■ **GIVEN MATERIAL**
· · · · · · ·
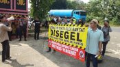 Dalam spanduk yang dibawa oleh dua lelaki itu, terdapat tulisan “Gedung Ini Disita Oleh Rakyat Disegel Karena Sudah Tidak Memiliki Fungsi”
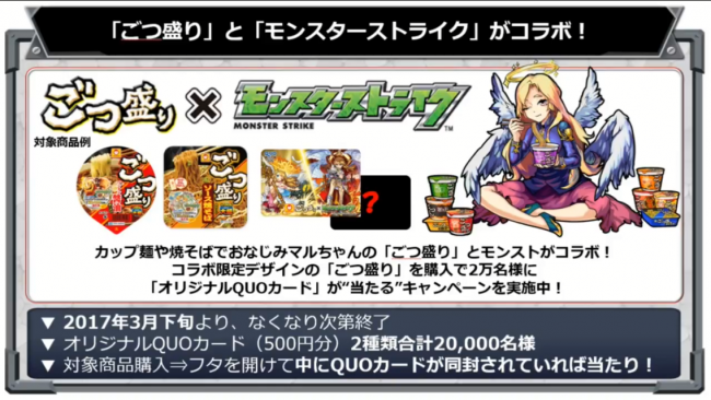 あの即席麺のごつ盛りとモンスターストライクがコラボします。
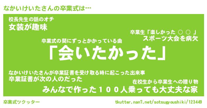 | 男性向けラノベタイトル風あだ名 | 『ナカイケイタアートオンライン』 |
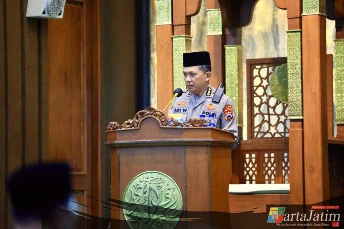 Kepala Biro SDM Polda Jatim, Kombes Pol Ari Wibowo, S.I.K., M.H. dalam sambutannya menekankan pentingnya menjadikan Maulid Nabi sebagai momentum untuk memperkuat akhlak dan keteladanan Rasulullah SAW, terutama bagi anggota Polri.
· · · · · · ·
■ **WORK TO COMPLETE**
The line containing "男性向けラノベタイトル風あだ名 | 『ナカイケイタアートオンライン』 |" marks the end: retype every line from the first one in the listing up to and including it, without pictures.

■ **ANSWER SECTION**
 Dalam spanduk yang dibawa oleh dua lelaki itu, terdapat tulisan “Gedung Ini Disita Oleh Rakyat Disegel Karena Sudah Tidak Memiliki Fungsi”
 あの即席麺のごつ盛りとモンスターストライクがコラボします。
 | 男性向けラノベタイトル風あだ名 | 『ナカイケイタアートオンライン』 |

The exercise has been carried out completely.